By ERWIN CHLANDA
Solar electricity promoter RePower Alice Springs is forming a close relationship with Territory Generation (T-Gen), the NT Government owned electricity supplier currently using almost entirely fossil fuels.
By 2030 the community group wants Alice to get 100% of its power from the sun, double the target of the NT Government.
However, the community group expects difficulties with PowerWater’s distribution network, also publicly owned – the wires, transformers and software running them.
In fact, RePower’s Tim Brand says if these problems cannot be ironed out it would be cheaper and more efficient for householders to put in their own photovoltaic panels and a battery, making them fully independent from government-provided electricity.
He says his group is founding a company to create a solar farm providing 10% of the town’s demand, enough for 2000 homes, which would take Alice to just below the nation’s 27% solar use. Other private producers are currently providing 15%, including the airport and Uterne.
He says T-Gen’s proposed role is as a tenderer for the management of the farm, or as a shareholder in the company, as required, or both.
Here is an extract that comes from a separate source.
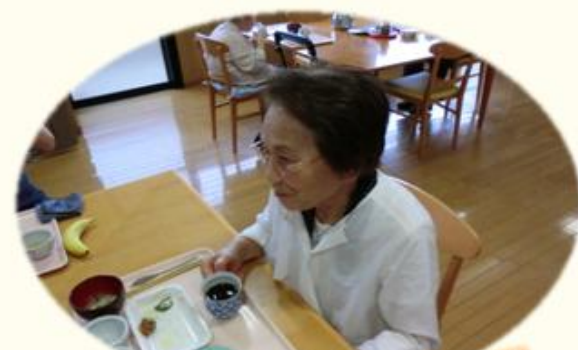
モーニングコーヒーで目覚めてます☀

The total anticipated float is $20m.
Mr Brand says on present indications the shares will be snapped up by private local people and businesses.
And there has already been an offer for the entire issue from one undisclosed source (not the government).
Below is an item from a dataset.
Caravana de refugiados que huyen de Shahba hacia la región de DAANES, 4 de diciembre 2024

Mr Brand told the meeting of the Rotary Club of Alice Springs last week: “It’s an easy way to go solar.”
Currently T-Gen is installing 10 gas fired generators, at a cost of 75m.
It is clear that the failure to use a substantial part of these funds for solar was one of the contributing factors for the CLP’s disastrous showing in the 2016 elections.
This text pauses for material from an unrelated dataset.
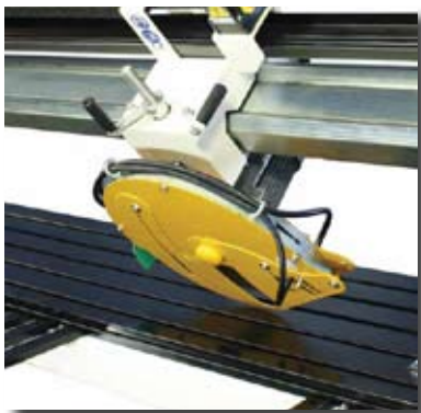
BRIDGE TILT AT 45 DEGREES ► Inclinazione ponte a 45°

Mr Brand says a survey by RePower last year revealed that 70% of the residents wanted 80% or more of the town’s power to be from renewable sources by 2030, and 92% wanted access to a green energy source.
RePower is now conducting a fresh “solar investment opportunity survey” which canvasses a wide range of responses, giving as much weight to financial considerations as it does to philosophical ones: “What annual return would you like to see?” The suggested options range from 1% to 11%.
The questions about “possible community benefits” range from job creation to greenhouse gas emission reductions.
[We are seeking comment from PowerWater and the Electrical Trades Union.]
Photo: Members of the group in high spirits.